Things You Learn When You Go For A Walk

Things You Learn When You Go For A Walk

Private Property South Africa
Shaun Wewege

South Africans tend to be a pretty paranoid bunch and if we’re honest with ourselves, it’s not entirely without reason. Crime, or at least, the perceived threat of crime has the power to change the way we live our lives. The saddest part about this is that we deny ourselves one of life’s simplest pleasures – a walk around the neighbourhoods in which we live.

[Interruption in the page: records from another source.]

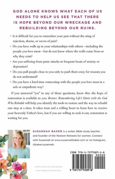 GOD ALONE KNOWS WHAT EACH OF US NEEDS TO HELP US SEE THAT THERE IS HOPE BEYOND OUR WRECKAGE AND REBUILDING BEYOND OUR RUINS.Is it difficult for you to remember your past without the sting of rejection, shame, or waves of pain? Do you have walls up in your relationships with others - including the people you love most - but do not know where the walls come from or why they exist? Are you suffering from panic attacks or frequent bouts of anxiety or depression? Do you pull people close to you only to push them away for reasons you do not understand? Do you have a hard time connecting with the people you love most in a safe or empathetic way? If you answered "yes" to any of those questions, know this: the same tools of restoration that were available to me are available to you. Restore: Remembering Life's Hurts with the God Who Rebuilds will help you identify those tools and the way to rebuild one step at a time. It doesn't take a counseling degree or a course in graduate school to learn how to use them; it simply takes desire, time, focus, and endurance. It takes trust and a willing heart to learn how to properly receive your heavenly Father's love. Restoration is waiting.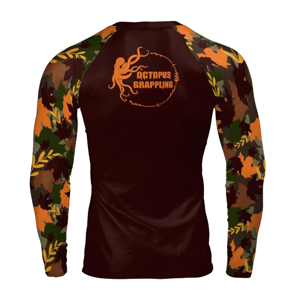 The leaf camo–inspired sleeves tie in fall vibes with a tactical twist — blending autumn tones with a design meant to disappear in the chaos of open mat (if you could ever hide a look this bold). Built for performance and comfort, the moisture-wicking, 4-way stretch fabric keeps you cool while the compression fit supports your grind. Flatlock stitching and fade-resistant prints ensure this rashguard can handle everything from warmups to post-feast grappling battles.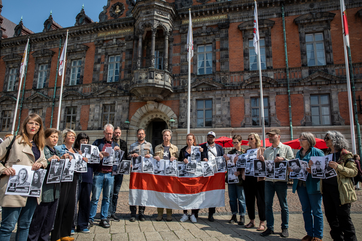 — Многія з беларускіх журналістаў і журналістак не толькі нашы калегі, але і сябры. Мы салідарныя з імі і патрабуем неадкладнага вызвалення калег, якія ні ў чым не вінаватыя. Гэта не ананімныя людзі, не проста партрэты, гэта чалавечыя лёсы і лёсы іх сем’яў. Таму мы тут і патрабуем іх вызвалення. Мы салідарныя з імі, — цвёрда заявілі ўдзельнікі.

You’ll learn a lot about your home from a number of people. At first, the person whose home you bought will tell you about all the benefits of your purchase. They’ll extol the values of the schooling system and the neighbours. Only later will you discover that the crazed hermit likes to sing opera or that a nearby teen is learning to play drums. But when you unlock your front door, key in the alarm pin code, check your pepper spray and take a step outside, there is so much more that you begin to notice about your hometown.

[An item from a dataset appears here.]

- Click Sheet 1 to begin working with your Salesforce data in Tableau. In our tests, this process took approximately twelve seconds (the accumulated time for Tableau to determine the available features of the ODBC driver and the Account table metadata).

For example, the cemetery that’s just up the road from our house seems to have a very small number of graves when compared to cemeteries such as the ones near Braamfontein and Emmerentia. It’s relatively new and there could be any number of reasons for it being emptier but my best guess is that more people are choosing to be cremated when they pass away. Or everyone in my suburb is immortal. I have not seen any sparkly vampires or shirtless werewolves so perhaps post-death choices are changing.

Something I never noticed while driving down Hendrik Potgieter Street is that the vandals in our area have a sense of humour. Up on the hill rocks have been painted white and arranged to spell out “Little Falls”. A while back someone took the time to change the letter “F” to “B”. Puerile, yes, but not something I noticed sitting in traffic. To be honest I was too busy using bad language of my own.

There is a mammoth golf estate nearby and as you would expect it’s some of the most expensive real estate in Gauteng. What amuses me the most is that their perimeter wall continuously needs rebuilding. And it’s not just in one section. I’ve walked around a fair amount of their outer wall and have noticed teams of builders working on various sites for the better part of a year. If I stayed in one of Johannesburg’s most sought after addresses I’d at least want my perimeter wall not to collapse. I’m quirky in that way.

Someone in our neighbourhood has rabbits. I don’t know where they stay but I’ve seen them early in the morning, zig-zaging from pavement to pavement in search of a snack. I’m told they’ve been around for a while so it’s no surprise that we hear an owl hoot from time to time. I also recently saw sheep grazing in a nearby open veld. I don’t know how they got there or who they belong to, but I may just borrow them and let them loose in our garden. It’s been ages since I mowed the lawn.